Eh ben, Monsieur ! le type qui avait inventé le vent il devait être né dans le pays. Quelle tornade ! Depuis huit jours que j’étais là, ça n’avait pas cessé. Au contraire, ça avait pris de l’ampleur chaque jour. On se demandait comment personne n’avait été encore assommé par la chute d’une cheminée. Il y avait trois jours, un train de marchandises avait été renversé dans l’étang de Leucate.

Heureusement qu’il y avait des Allemands à bord, sans quoi ils auraient cru à un sabotage.

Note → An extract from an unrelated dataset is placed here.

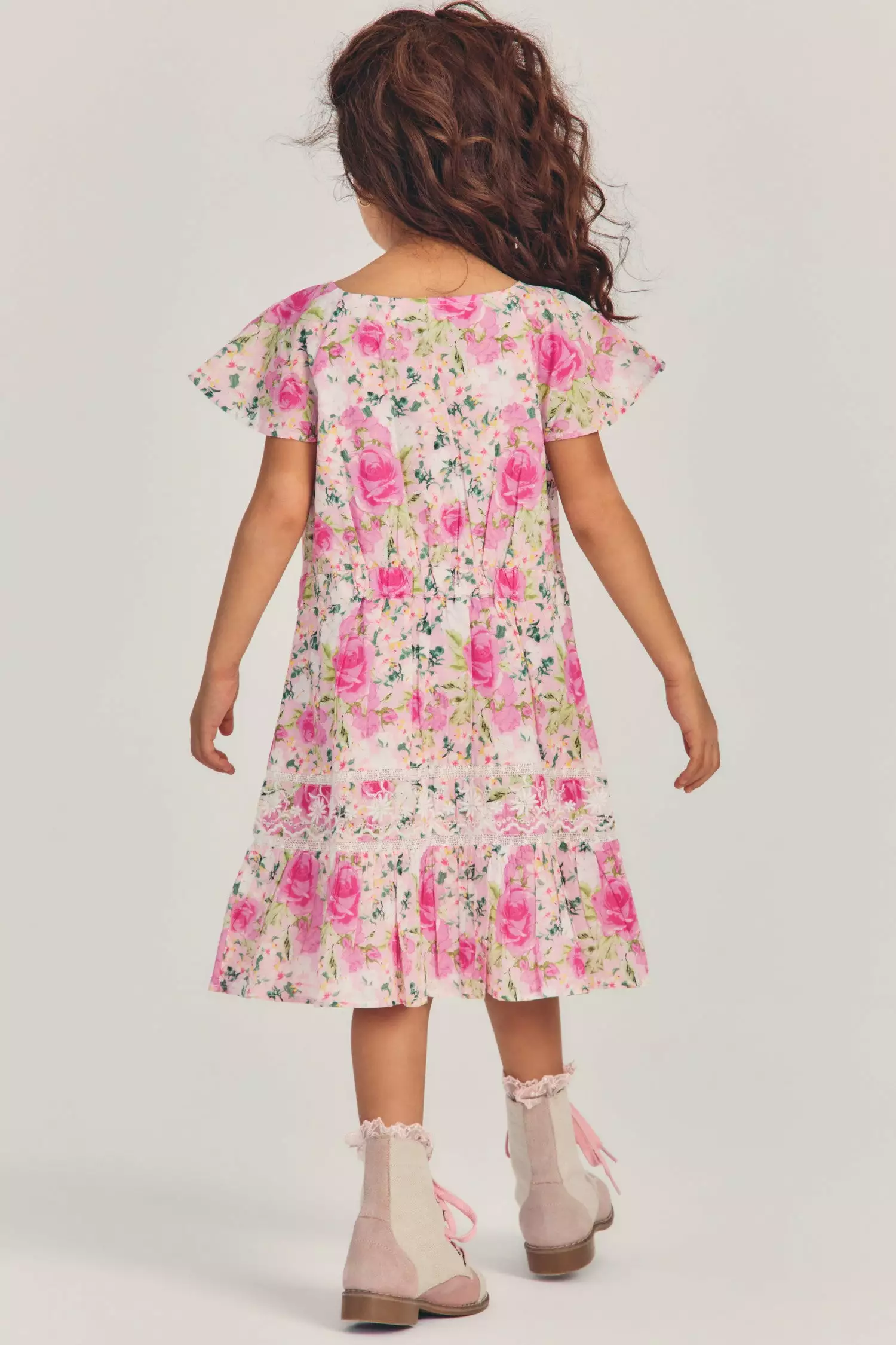 Our Mini Victorian Maxi arrives in 100% cotton with contrast schiffli embroidery, varied lace panels, pintucks and a hand-painted custom rose print. This dreamy girls dress features cap sleeves, buttons down center front and a flounce at bottom. Shown here in Magenta Flower Fields.

Les gens du bled, ils en riaient, ils trouvaient ça normal. Il paraît que ça souffle comme ça les deux tiers de l’année. Et en été, alors, quand ça ne souffle pas, ce sont les moustiques qui contre-attaquent. Et encore ici, à Perpignan, ce n’est rien. Paraît qu’il faut voir Narbonne. Celui qui n’a pas vu ça, il n’a rien vu. Et La Nouvelle, alors ? À la gare de La Nouvelle les pins sont inclinés vers le sud à quarante-cinq degrés. Parce qu’il faut dire qu’il vient du Nord ce Bon Dieu d’ouragan. Et glacé avec ça. À telle enseigne qu’on a beau se couvrir de laine et de cuir, on a toujours l’impression de se trouver à poil au milieu de la plaine.